What I think is needed is universal vaccination. We need to get everyone protected to protect those that can’t get vaccinated or can’t respond to the vaccine. Of course, that’s impossible. It is a yearly shot and we lack the resources to accomplish this. What we will end up with is a refinement of the current approach. More emphasis on vaccinating the caregivers and family of the vulnerable, more emphasis on hygiene. Medical knowledge is always imperfect and always changing, one hopes for the better

And a year from now we will have some interesting data on morbidity and mortality from the current pandemic. It will be another brick in the wall of information, and it may be a good fit, or it may be an outlier. But we will not have any randomized placebo controlled trial: since the mortality of this strain is greatest in children and pregnant women, who wants to volunteer their children or pregnant spouse to participate? Dr. Jefferson? The authors of the paper want to offer up their children? I think based on the data of prior influenza vaccines, and the fact that this is just another flu, I would be unwilling to risk sacrificing my children to appear cold hearted and unafraid.

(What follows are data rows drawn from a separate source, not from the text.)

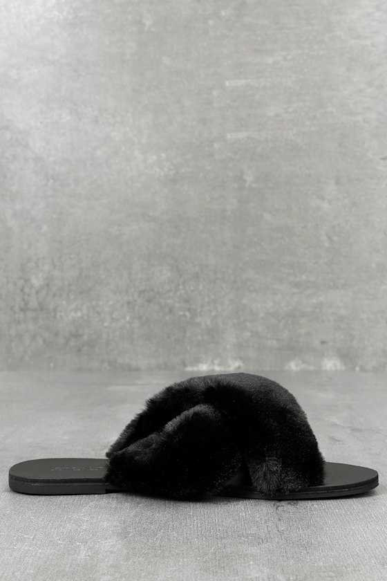 Chic Black Sandals - Faux Fur Slide Sandals - Black Slides - $21.00 - Lulus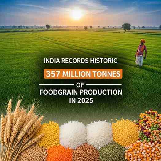 Prime Minister Narendra Modi announced that India has achieved a landmark 357 million tonnes of foodgrain production in 2025 , marking one of the highest outputs in the nation’s agricultural history. Sharing the milestone during the 128th episode of Mann Ki Baat , he noted that the country has added 100 million tonnes to its annual production over the past decade—reflecting improved food security, rising farm productivity and growing self-reliance.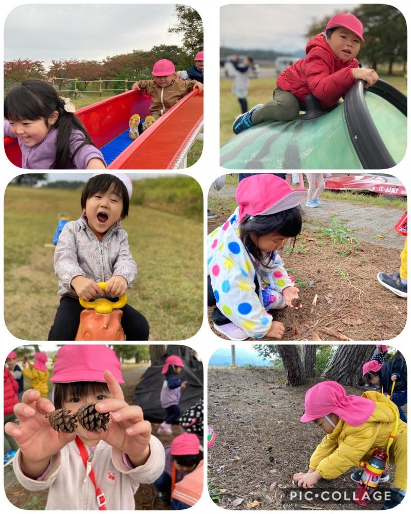 園バスに乗って徳良湖に行ってきました。松ぼっくりを拾ったり、きのこを見つけたりと沢山の秋を発見してきましたよ!公園では、滑り台や色んな遊具でお友達と一緒に元気いっぱい遊んでいた年少組さんでした。

And maybe those that read this will have a better understanding that medical knowledge and its application is imperfect and incremental.

I grew up knowing that the universe is big “Space is big. You just won’t believe how vastly, hugely, mind-bogglingly big it is. I mean, you may think it’s a long way down the road to the chemist’s, but that’s just peanuts to space.”

Yet there was a time, just a century ago, where the universe was thought to consist of our galaxy. That was it. And erroneous conclusions followed from that narrow perspective. Even Einstein modified his equations with a cosmologic constant to account for the small universe. Bigger universe, bigger data sets, lead to different conclusions.

Vaccine efficacy is a huge universe. The Atlantic article, Are Vaccines Necessary, is an island universe. True as far is it goes, but limited. I’m sticking with the whole universe.